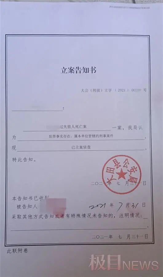 大田县公安局还于7月31日出具了一份《立案告知书》,“洪高阳过失致人死亡案”已立案调查。
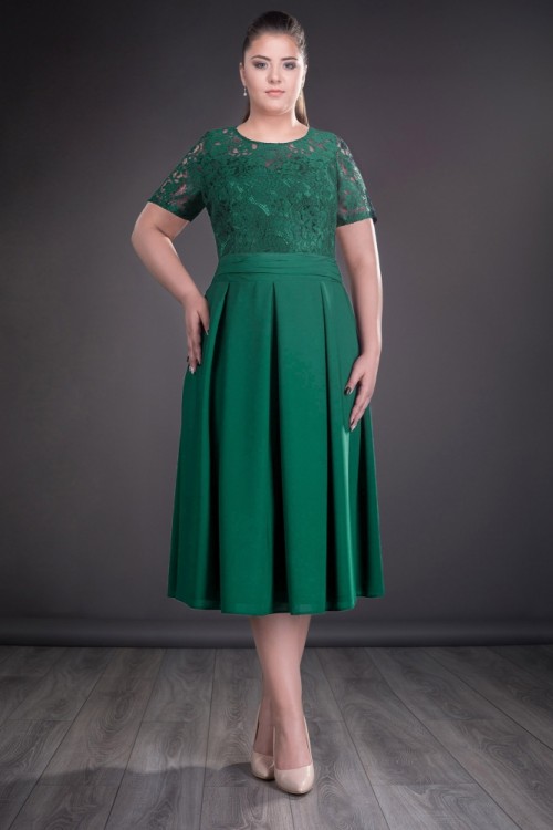 Rochie verde eleganta confectionata din dantela si voal. O rochie eleganta cu lungime medie pana la jumatatea gambei. Rochia are maneca scurta si se inchide la spate cu fermoar.
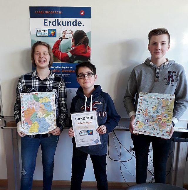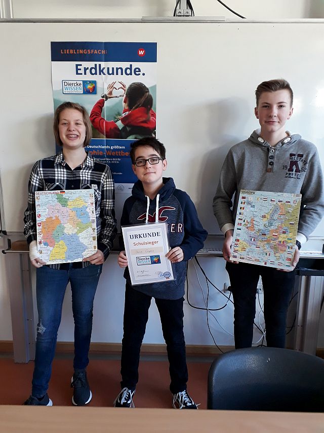 Schulsieger der Marienschule wurde David C. (8d) vor Anna-Lena R. (EF) und Leon D. (EF). Alle drei sind bilinguale Erdkundeschüler, die damit bewiesen haben, dass sie in beiden Sprachen geographisch fit sind. David tritt nun als Schulsieger gegen die anderen Schulsieger NRWs an. Wir wünschen ihm viel Erfolg!

+--

> [REQUIRED WORK]:
Print all of the material exactly. Omit pictures.

> [SOLUTION TO THE EXERCISE]:
 大田县公安局还于7月31日出具了一份《立案告知书》,“洪高阳过失致人死亡案”已立案调查。
 Rochie verde eleganta confectionata din dantela si voal. O rochie eleganta cu lungime medie pana la jumatatea gambei. Rochia are maneca scurta si se inchide la spate cu fermoar.
 Schulsieger der Marienschule wurde David C. (8d) vor Anna-Lena R. (EF) und Leon D. (EF). Alle drei sind bilinguale Erdkundeschüler, die damit bewiesen haben, dass sie in beiden Sprachen geographisch fit sind. David tritt nun als Schulsieger gegen die anderen Schulsieger NRWs an. Wir wünschen ihm viel Erfolg!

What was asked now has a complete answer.